SDRS allows an organization to manage the Time to Live (TTL) for objects in Google Cloud Storage (GCS)
according to retention policies based off of the creation time encoded in partition prefixes.
For example, the official age of an object could exist as follows:
bucketX/datasetY/{yyyy}/{mm}/{dd}/{hh}/log.txt
In this example, the information encoded in the object name rather than the GCS object metadata
creation time serves to define its age. An organization can define a TTL for datasets and thereby
reliably enforce object retention based on the encoded creation time.
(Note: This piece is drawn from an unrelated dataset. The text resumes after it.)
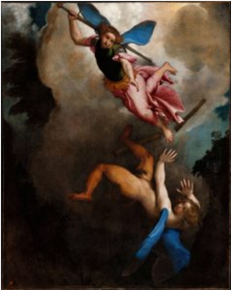
Lorenzo Lotto. San Michele Arcangelo caccia Lucifero, 1545

Lorenzo Lotto, San Michele arcangelo caccia Lucifero, 1545 ca., Olio su tela, 167 x 135 cm, Museo Pontificio Santa Casa, Loreto

At the most fundamental level, SDRS enforces object retention by mapping policy rules defining the time-to-live (TTL) for datasets existing in GCS buckets. Note, for scenarios where GCS object retention management can rely solely on object creation time rather than an encoded prefix, please see: Object Lifecycle Management
See the latest release and other releases for the details
SDRS is an open-source GCP GitHub project
SDRS exists in two main parts:
- A server side service exposing functionality through a RESTful API, see Server Components
- A sample client demonstrating interaction with the server side services, see Client Components
SDRS is primarily written in the Java 8 and Python 3 programming languages.
Maven is used as the Java build management tool.
Deployment Manager is used as the DevOps Cloud Orchestration tool.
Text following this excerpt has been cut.